Atatürk “Nutuk” ta da;

“Her safhasıyla düşünülmüş, hazırlanmış, yönetilmiş ve zaferle sonuçlandırılmış olan bu hareket Türk ordusunun, Türk subay ve komuta heyetinin yüksek kudret ve kahramanlığını tarihe bir kere daha geçiren büyük bir eserdir.

Bu eser, Türk milletinin özgürlük ve bağımsızlık düşüncesinin ölümsüz bir abidesidir. Bu eseri yaratan bir milletin evladı, bir ordunun başkomutanı olduğumdan, mutluluğum sonsuzdur.” Diye bu destansı zaferi bu şekilde iki paragrafta özetlemiş.

30 Ekim 1918 tarihinde Mondros Ateşkes Anlaşması sonrası emperyalist devlet güçleri Anadolu topraklarını, kendileri ve destekledikleri Yunan ordusu ile işgal ettiler. Bu işgal, (4) yıl süren zorlu bir mücadele ile 30 Ağustos büyük zaferi ve 9 Eylül İzmir’in kurtuluşuyla son bulmuş.

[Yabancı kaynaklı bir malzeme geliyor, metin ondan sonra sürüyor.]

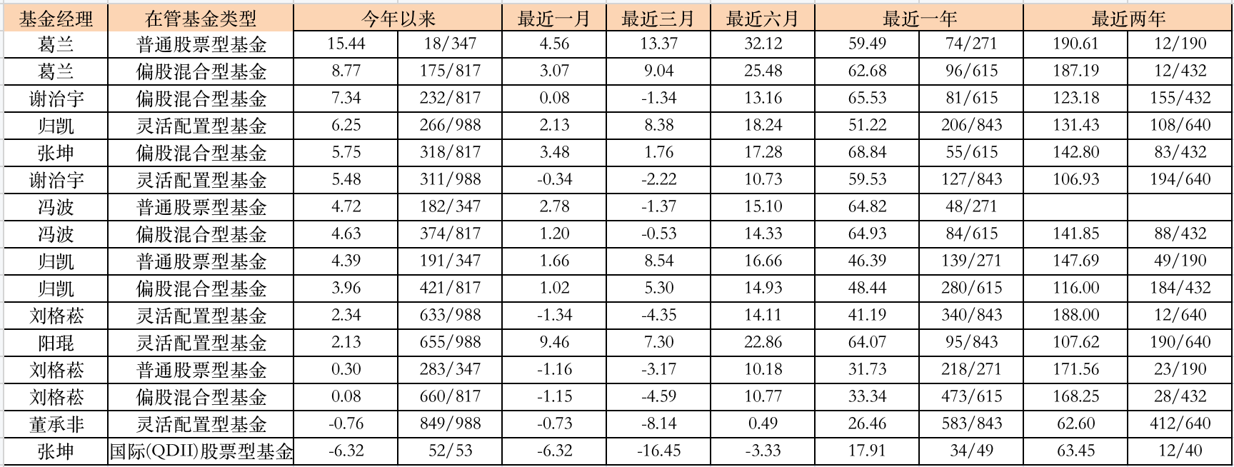 从明星基金经理的持仓表现来看,根据wind数据,今年以来,张坤、刘格菘、谢治宇、董承非等明星基金经理管理的股票型和混合型基金多实现正收益,董承非在管的一款灵活配置型基金微跌。
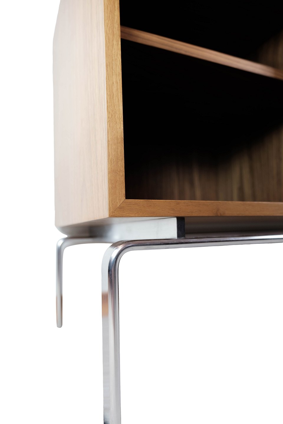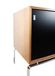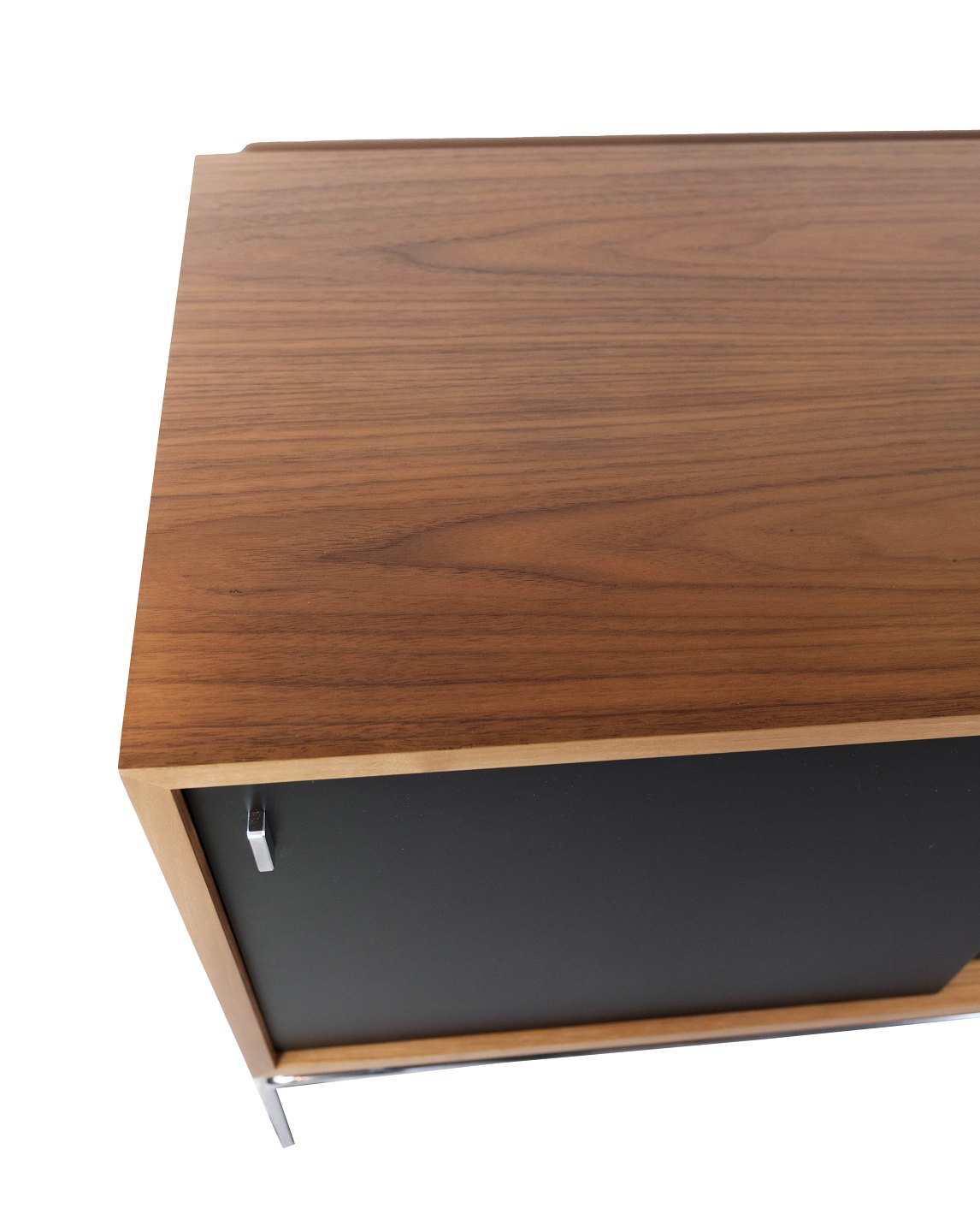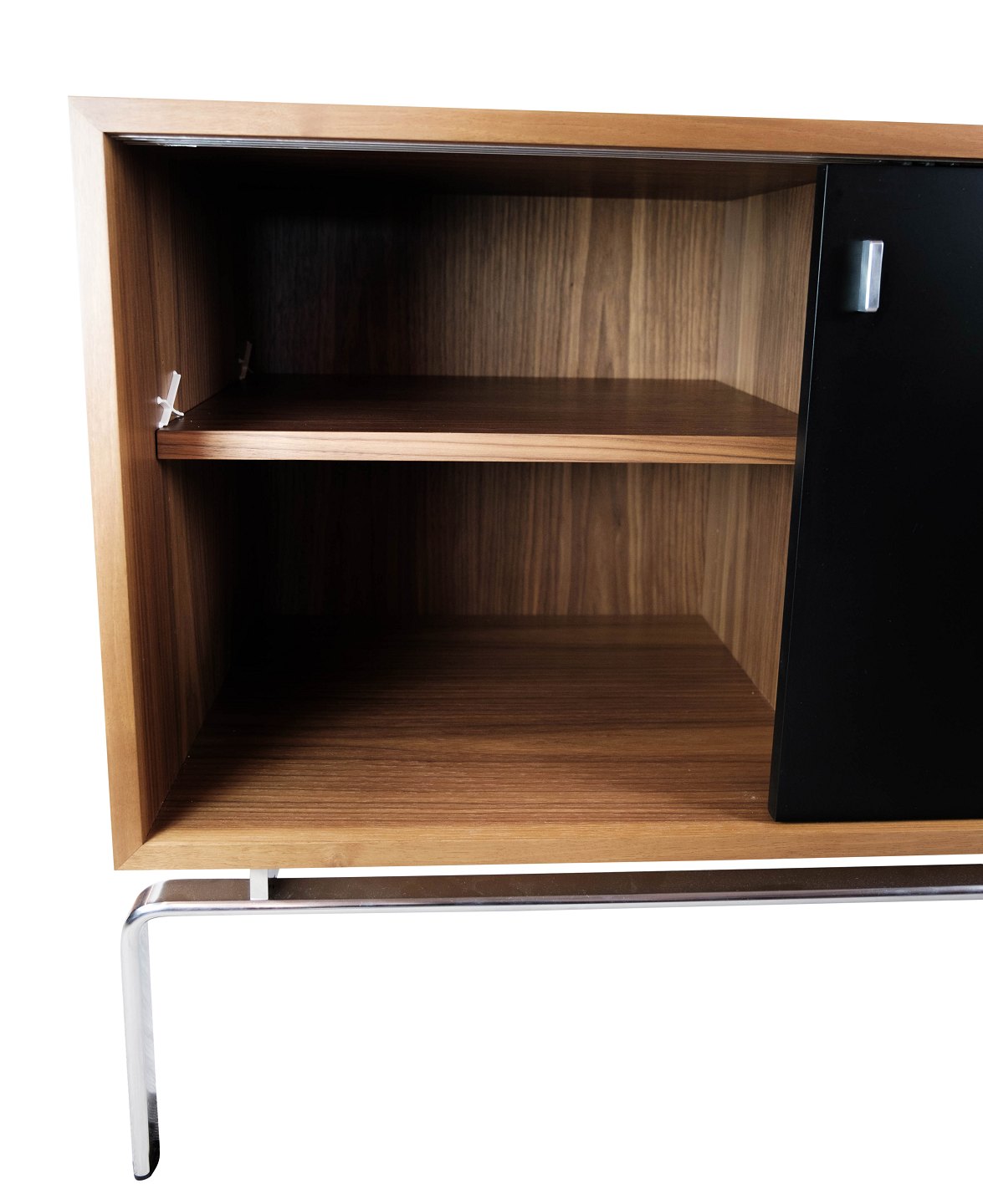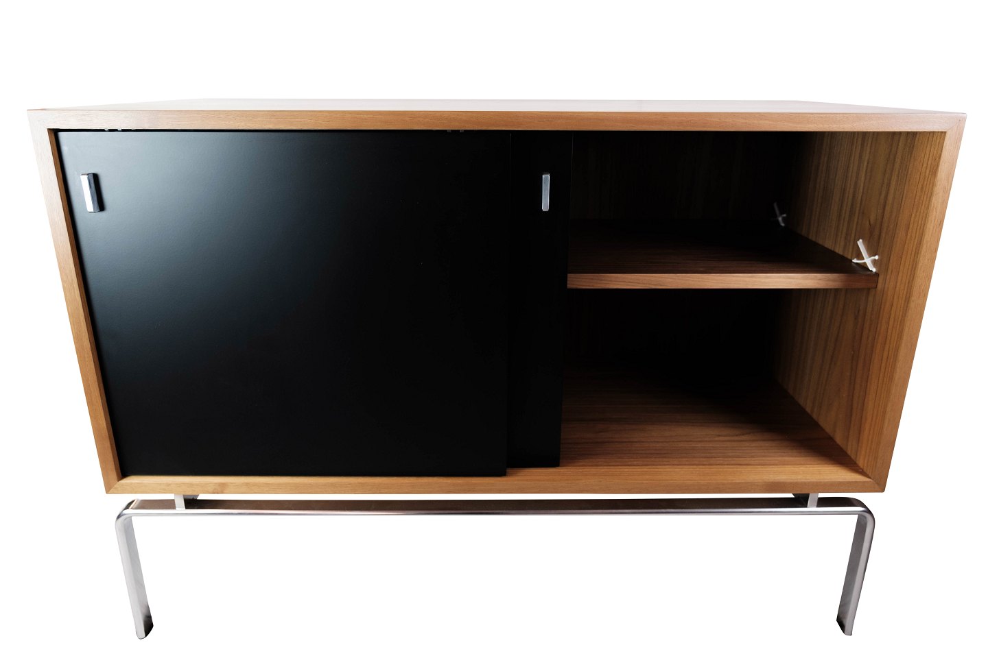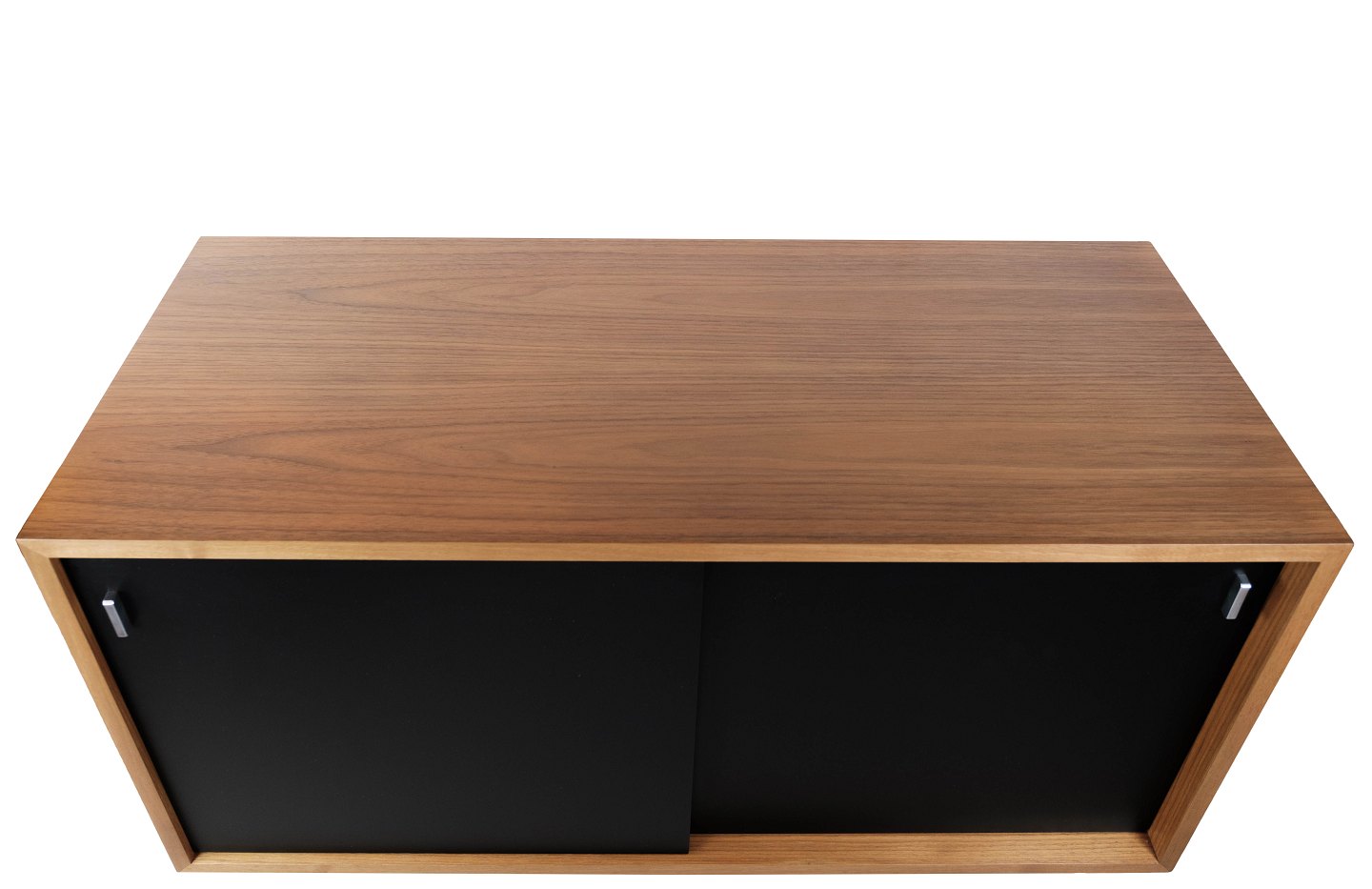SolgtSkænk, model FK 100, af Santon palisander og sorte skydedøre, designet af Fabricius og Kastholm, samt fremstillet af Lange Production. Skænken er i flot brugt stand.

Sinan Meydan’ın da belirttiği gibi “Büyük Zafer, gerçekleştiği koşullar, kazanılma biçimi ve sonuçları itibarıyla tarihimizin en önemli zaferi” olarak tarihe geçmiş.

30 Ağustos Zafer Bayramı’nı bu duygular içinde kutlar, Atatürk ve Silah arkadaşları ile şehitlerimizi minnetle, şükranla, saygıyla anarız.

Hasan OKURSOY 29 Ağustos 2021 Mordoğan

Kaynak; 1- İpek Çalışlar, Büyük Taarruz, Mustafa Kemal Atatürk Mücadelesi ve Özel Hayatı, Yapı Kredi Yayınları, 1.baskı, İstanbul Eylül-2018, s. (309-312) 2- Sinan Meydan, Yakın Tarih için Pusula, İnkılap Kitabevi İstanbul-2021, s. (80-82). 3- Age.s. (82-83). 4- Age. s. 83. 5- Alev Çoşkun, Asker İnönü, Kırmızı Kedi Yayınları, 1.basım Kasım-2018, s.539. 6- Age. s.554. 7- Age.s.(551-552). 8- Age.s.553-554).

Not; Resim Yeniasır gazetesinden alınmıştır.